A Itália, assim como a Inglaterra, preza pela velocidade e determina penas automáticas para os casos, baseando-se na súmula que recebe dos árbitros. A decisão é tomada na segunda-feira pós-rodada e divulgada na terça-feira (a não ser que haja rodada de meio de semana). Não há audiência, mas cabe recurso que será julgado em uma semana. Até lá, mesmo sem uma decisão final, o jogador fica suspenso preventivamente e não entra em campo.

Espanha

Muito parecido com a Itália. É um sistema muito mais enxuto para lidar com os problemas técnicos do Campeonato Espanhol.

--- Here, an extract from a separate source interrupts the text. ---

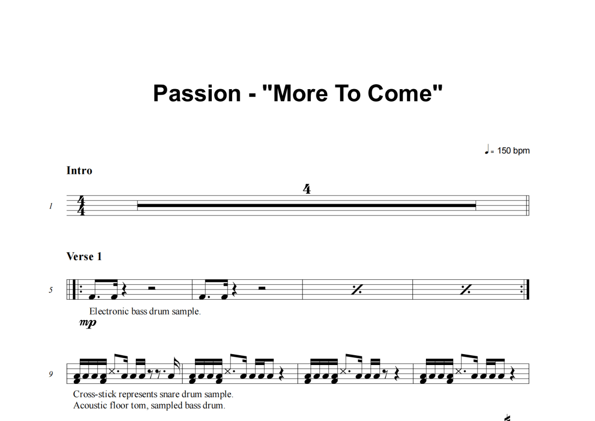 Passion《More To Come》架子鼓谱

A Comissão de Competição, formada por três juristas (a formação em Direito é obrigatória), determina a pena, que pode ser contestada no Comitê de Apelação, que tem em seus quadros mais três advogados diferentes.

Argentina

A Argentina tem um processo mais parecido com o brasileiro, com uma comissão disciplinar de primeira instância, com nove auditores, e um comitê de apelação, com mais três. A denúncia precisa ser apresentada ao Tribunal de Disciplina Desportiva da AFA em um prazo de três dias. Caso o órgão julgue necessário, esse prazo pode ser ampliado para duas semanas. Os clubes ou pessoas que se sentirem lesadas também podem abrir processo, mas ficam sujeitos a multas caso a denúncia seja qualificada como “temerária” ou “maliciosa”. Clubes e dirigentes, tanto da própria AFA quanto das agremiações, precisam se defender por escrito. Qualquer outro denunciado precisa comparecer à corte (a não ser que o estádio do clube que defende fique a mais de 100 quilômetros de Buenos Aires).

França

Outro tribunal mais ágil. Quem estiver sendo acusado pela Comissão Disciplinar Federal, nome do tribunal francês, tem 24 horas para enviar a defesa por escrito ou solicitar uma audiência. Mesmo antes de tomar a decisão final, o órgão pode suspender o jogador preventivamente. Em casos mais graves, a comissão pode inclusive impor qualquer sanção que achar apropriada, mas precisa chegar a um veredicto em um prazo máximo de três meses.